Harvard University, ultra-exclusive dispenser of lifelong privileges, now claims that “privilege and exclusion (are) at odds with our deepest values.” Seriously. Does this mean that Harvard will begin loosening its admission requirements and start offering free tuition to all undergraduates (with the exception, perhaps, of gazillionaire kids)?
Of course not. It means that Harvard will punish students who belong to single-sex organizations of which university administrators disapprove — fraternities, sororities, and most of all, male final clubs. Students who dare to join these groups will be barred from “leadership positions in recognized student organizations or athletic teams” and will not be eligible for dean’s endorsement letters for such honors as Rhodes and Marshall fellowships.
It’s a bit like punishing students for private, off campus speech that administrators find offensive.
Harvard’s crusade against these particular exclusionary groups was sparked by concerns about sexual assaults and the misogynist attitudes the final clubs allegedly propagate. But these concerns are not discussed in Harvard Dean Rakesh Khurana’s explanation for the new policy. Instead, with a straight face, he declares, “In their recruitment practices and through their extensive resources and access to networks of power, these organizations propagate exclusionary values that undermine those of the larger Harvard College community.”
Dean Rakesh doesn’t explain how the university manages to exploit its “extensive resources and access to networks of power” without promoting “exclusionary values.” Perhaps he thinks the answer is self-evident: Harvard is an “inclusive community,” President Drew Faust asserts, as she excludes from substantial benefits students whose associations she disdains.
The Foundation for Individual Rights in Education (FIRE) rightly characterizes this new policy as a blacklist of students who don’t share Harvard’s “political preferences.” FIRE vice president Robert Shipley stresses, “I had hoped that universities were past the point of asking people, ‘Are you now, or have you ever been, a member of a group we don’t like?’ Sadly they are not.”
There are, of course, numerous single-sex groups at Harvard that students may continue to join with impunity. Indeed, Harvard’s list of official student organizations includes affinity groups based on religion, race and ethnicity, as well as sex or gender, among other demographic categories, from BAGELS: A Queer/Jewish Student Group to the Half Asian People’s Association to the Latino Men’s Collective. Officially recognized groups are supposed to comply with the university’s anti-discrimination policy, which differentiates them from final clubs, sororities and fraternities that formally exclude members partly on the basis of sex. But these male and female only groups are not recognized or affiliated with Harvard: They exist and operate independently, which is why blacklisting students who choose to join them is such an affront to personal liberty. It’s a bit like punishing students for private, off campus speech that administrators find offensive.
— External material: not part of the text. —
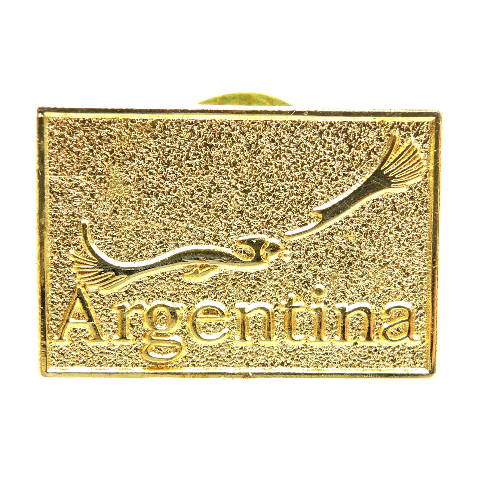 This rectangular goldtone lapel pin features a bird in flight, with the word Argentina inscribed below. The pin is designed to be worn on clothing or accessories as a decorative accent.

Harvard’s punitive anti-association policy should be vigorously opposed, but the greater challenge for civil libertarians is defeating the illiberal authoritarianism that gave rise to it.
And, like most blacklists, this one does not just violate the associational freedom of people directly targeted. It limits the freedom of any campus group that wishes to associate with them, depriving approved organizations of the right to elect targeted students to leadership positions. As Harvard’s Undergraduate Council tactfully writes in responding to the new policy, “We strongly encourage the College and the advisory group enforcing these recommendations to be mindful of internal democratic processes of student organizations … Vetting of elected members of student government based on affiliation in certain groups is detrimental, and fundamentally opposed, to the vivacity of the democratic process.”
Is Harvard’s assault on free association legal? A private university, it’s not bound by First Amendment associational rights, but students punished for joining private, off campus clubs may find relief under Massachusetts law. They will not, however, find support from the many liberals or progressives who have applauded Harvard’s blacklist and share the hostility to fundamental liberties — of speech, association and due process — that now prevail on many America campuses. Harvard’s punitive anti-association policy should be vigorously opposed, but the greater challenge for civil libertarians is defeating the illiberal authoritarianism that gave rise to it.